Angioedema in the mouth or upper airways is a feared adverse reaction to angiotensin-converting enzyme inhibitor (ACEi) and angiotensin receptor blocker (ARB) treatment, which is used for hypertension, heart failure and diabetes complications. This candidate gene and genome-wide association study aimed to identify genetic variants predisposing to angioedema induced by these drugs. The discovery cohort consisted of 173 cases and 4890 controls recruited in Sweden. In the candidate gene analysis, ETV6, BDKRB2, MME, and PRKCQ were nominally associated with angioedema (p < 0.05), but did not pass Bonferroni correction for multiple testing (p < 2.89 × 10-5). In the genome-wide analysis, intronic variants in the calcium-activated potassium channel subunit alpha-1 (KCNMA1) gene on chromosome 10 were significantly associated with angioedema (p < 5 × 10-8). Whilst the top KCNMA1 hit was not significant in the replication cohort (413 cases and 599 ACEi-exposed controls from the US and Northern Europe), a meta-analysis of the replication and discovery cohorts (in total 586 cases and 1944 ACEi-exposed controls) revealed that each variant allele increased the odds of experiencing angioedema 1.62 times (95% confidence interval 1.05-2.50, p = 0.030). Associated KCNMA1 variants are not known to be functional, but are in linkage disequilibrium with variants in transcription factor binding sites active in relevant tissues. In summary, our data suggest that common variation in KCNMA1 is associated with risk of angioedema induced by ACEi or ARB treatment. Future whole exome or genome sequencing studies will show whether rare variants in KCNMA1 or other genes contribute to the risk of ACEi- and ARB-induced angioedema.

中文翻译:

血管紧张素转换酶抑制剂和血管紧张素受体阻滞剂治疗引起的血管性水肿的全基因组关联研究。

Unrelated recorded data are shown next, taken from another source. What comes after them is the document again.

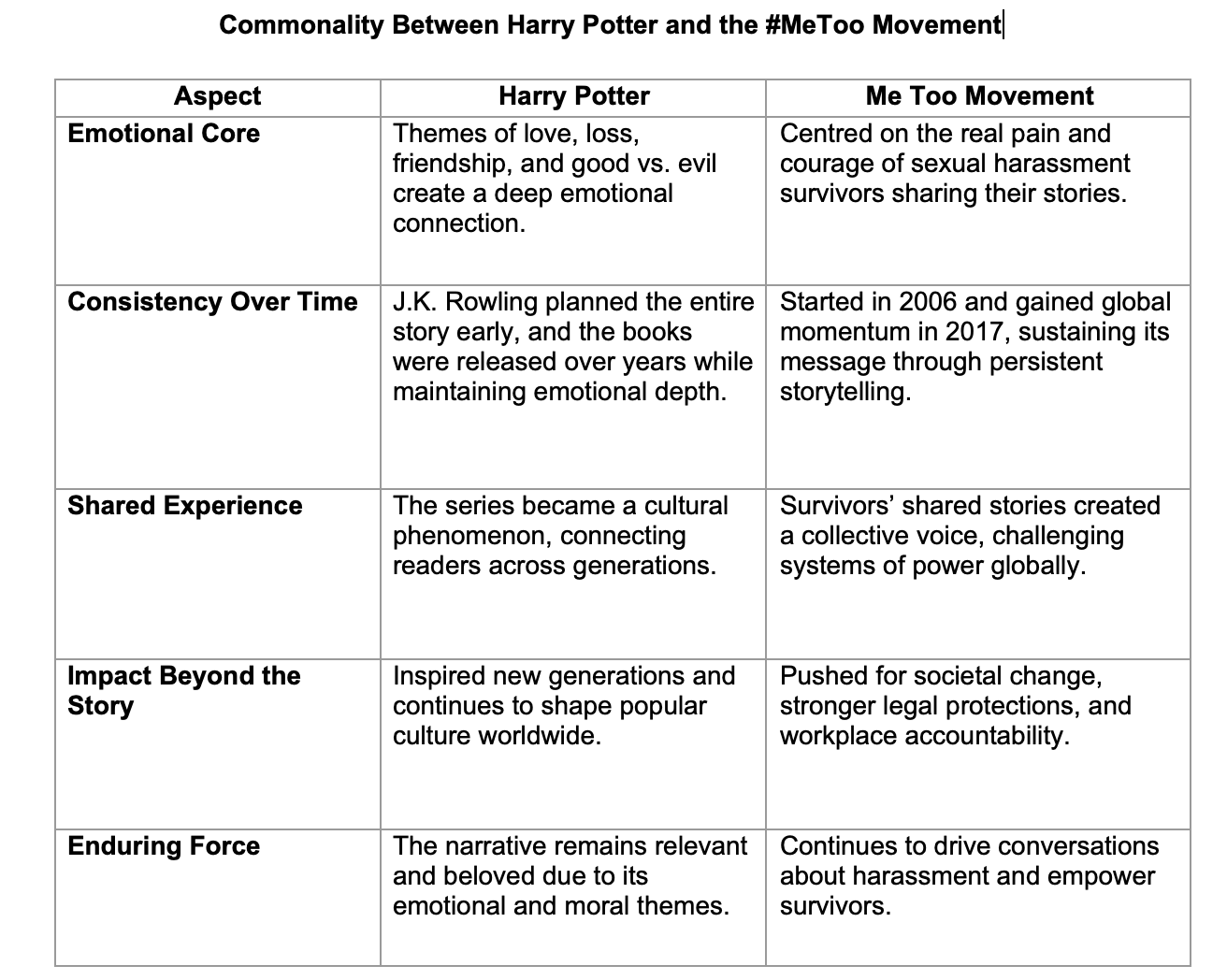 Both Harry Potter and the Me Too movement show that emotionally compelling narratives—when sustained with consistency—become more than just stories or campaigns. They evolve into enduring forces that shape culture and drive meaningful change.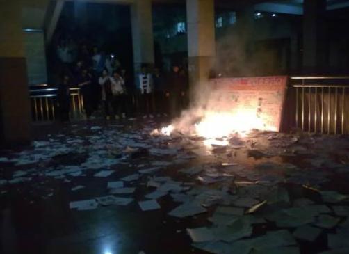 随后,楼下高一、高二年级有学生到草坪上点燃书本和辅导资料,霎时,整栋教学楼都站满了学生,学生们拒绝回到教室。据高三年级理科班的李姓同学说,高一、高二年级这次也需要缴纳400元的资料费。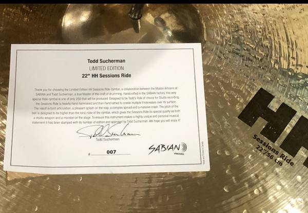 Todd Sucharman 22" HH sessions Sabian ride Limited edition #007 NO trades price is firm Local pick up LAX Hawthorne areas Here is Todd explaining it. https://fb.watch/dDaI_2IgJr/...

口腔或上呼吸道血管性水肿是血管紧张素转换酶抑制剂 (ACEi) 和血管紧张素受体阻滞剂 (ARB) 治疗的可怕不良反应,血管紧张素受体阻滞剂用于治疗高血压、心力衰竭和糖尿病并发症。这项候选基因和全基因组关联研究旨在确定易患这些药物引起的血管性水肿的遗传变异。发现队列包括在瑞典招募的 173 例病例和 4890 名对照。在候选基因分析中,ETV6、BDKRB2、MME 和 PRKCQ 名义上与血管性水肿相关(p < 0.05),但未通过多项测试的 Bonferroni 校正(p < 2.89 × 10-5)。在全基因组分析中,10 号染色体上钙激活钾通道亚基 α-1 (KCNMA1) 基因的内含子变异与血管性水肿显着相关(p < 5 × 10-8)。虽然在复制队列(来自美国和北欧的 413 例病例和 599 例暴露于 ACEi 的对照中)最高的 KCNMA1 命中率并不显着,但对复制和发现队列(总共 586 例和 1944 例暴露于 ACEi 的对照)的荟萃分析) 显示,每个变异等位基因将经历血管性水肿的几率增加 1.62 倍(95% 置信区间 1.05-2.50,p = 0.030)。相关的 KCNMA1 变体尚不清楚是否具有功能性,但与相关组织中活跃的转录因子结合位点的变体存在连锁不平衡。总之,我们的数据表明 KCNMA1 的常见变异与 ACEI 或 ARB 治疗引起的血管性水肿风险相关。